Bug 1417729

Summary: Cassandra error starting up due to "mutation checksum failure" on a commit log
Product: OpenShift Container Platform Reporter: Eric Jones <erjones>
Component: HawkularAssignee: Matt Wringe <mwringe>
Status: CLOSED DUPLICATE QA Contact: Peng Li <penli>
Severity: unspecified Docs Contact:
Priority: unspecified    
Version: 3.2.1CC: aos-bugs
Target Milestone: ---   
Target Release: ---   
Hardware: Unspecified   
OS: Unspecified   
Whiteboard:
Fixed In Version: Doc Type: If docs needed, set a value
Doc Text:
Story Points: ---
Clone Of: Environment:
Last Closed: 2017-01-30 23:03:05 UTC Type: Bug
Regression: --- Mount Type: ---
Documentation: --- CRM:
Verified Versions: Category: ---
oVirt Team: --- RHEL 7.3 requirements from Atomic Host:
Cloudforms Team: --- Target Upstream Version:
Embargoed:

Description Eric Jones 2017-01-30 19:07:32 UTC
Description of problem:
Customer had been running metrics for ~5-6 months and then suddenly metrics were no longer available.

After looking into the logs they saw the following message:

ERROR <TIME> Exiting due to error while processing commit log during
initialization.
org.apache.cassandra.db.commitlog.CommitLogReplayer$CommitLogReplayException:
Mutation checksum failure at 27357160 in CommitLog-5-1484574169950.log

After deleting this commitlog (they have saved it and I will provide it in another update) cassandra was able to start up normally and metrics started back up properly.

Version-Release number of selected component (if applicable):
metrics-cassandra:3.2.1
openshift v3.2.1.13-1-gc2a90e1
kubernetes v1.2.0-36-g4a3f9c5
etcd 2.2.5

Comment 2 Matt Wringe 2017-01-30 23:03:05 UTC
This is a duplicate of https://bugzilla.redhat.com/show_bug.cgi?id=1385427

This issue is already resolved in 3.2.1, but it requires that the templates are updated, which would occur during a new metrics install.
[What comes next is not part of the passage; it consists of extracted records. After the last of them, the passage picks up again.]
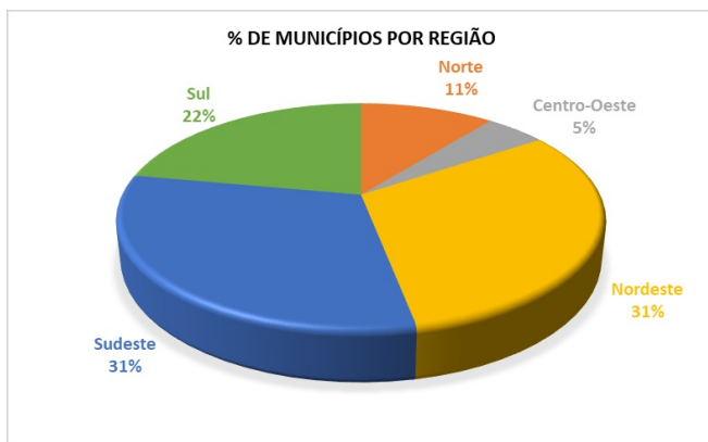
Figura 2 – Percentual de municípios mais suscetíveis a ocorrência de deslizamentos, enxurradas e inundações, por região.

37. Considerando a Tabela 3 e a Figura 2, observa-se que a Região Sudeste concentra a maior população exposta aos riscos, tendo o estado de Minas Gerais o maior quantitativo de municípios mais suscetíveis a ocorrência de desastres naturais (283), seguido de São Paulo (172), Rio de Janeiro (75) e Espírito Santo (71). Na Região Sul, o estado de Santa Catarina desponta com o maior número de municípios (207) e pessoas expostas aos riscos, seguido do Rio Grande do Sul (142) e Paraná (80).
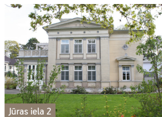
Jūras iela 2
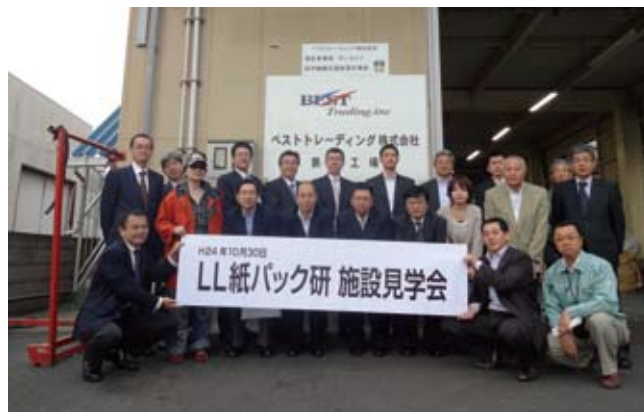
ベストトレーディング株式会社
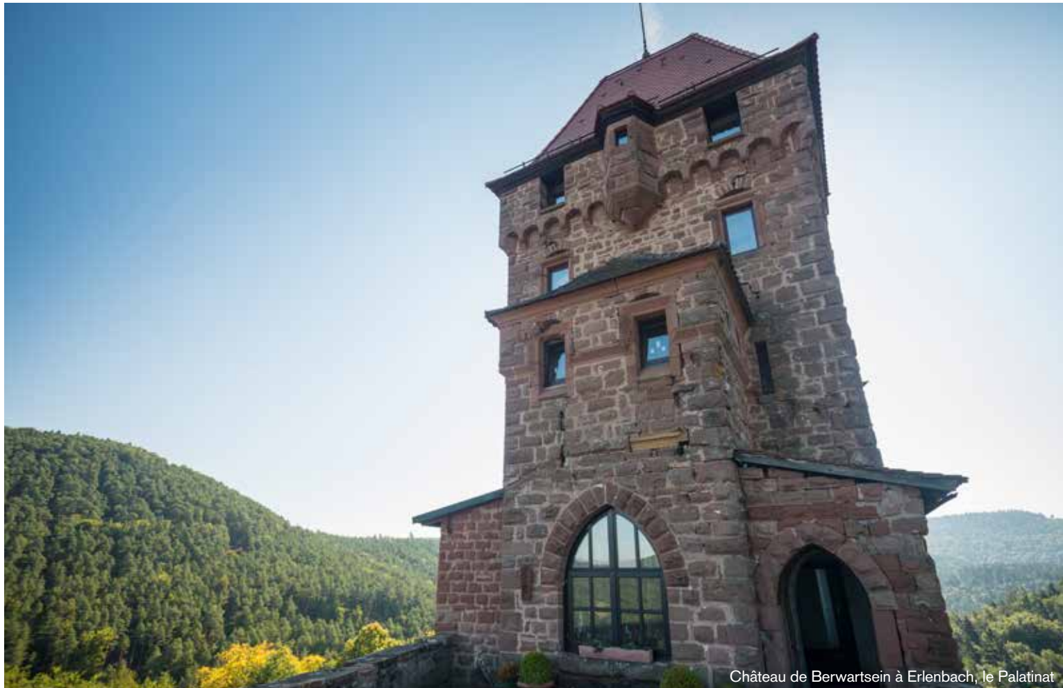
Château de Berwartsein à Erlenbach, le Palatinat
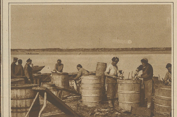
Eine Lachsfißerei am Ufer des Amur. Chinesische Arbeiter füllen die Fische in Holzfässer

You can either deploy metrics again which will update the Cassandra template to fix this, or manually run the following command to give Cassandra more time to process its commit files when its being shut down:

$ oc patch rc hawkular-cassandra-1 -p '{"spec":{"template":{"spec":{"terminationGracePeriodSeconds":"1800"}}}}'

If you wish to skip over the commit log failures in the future, you can also run the following command:

oc patch rc hawkular-cassandra-1 -p '{"spec":{"template":{"spec":{"containers":[{"name":"hawkular-cassandra-1", "env": [{"name": "JVM_OPTS", "value":"-Dcassandra.commitlog.ignorereplayerrors=true"}]}]}}}}'

*** This bug has been marked as a duplicate of bug 1385427 ***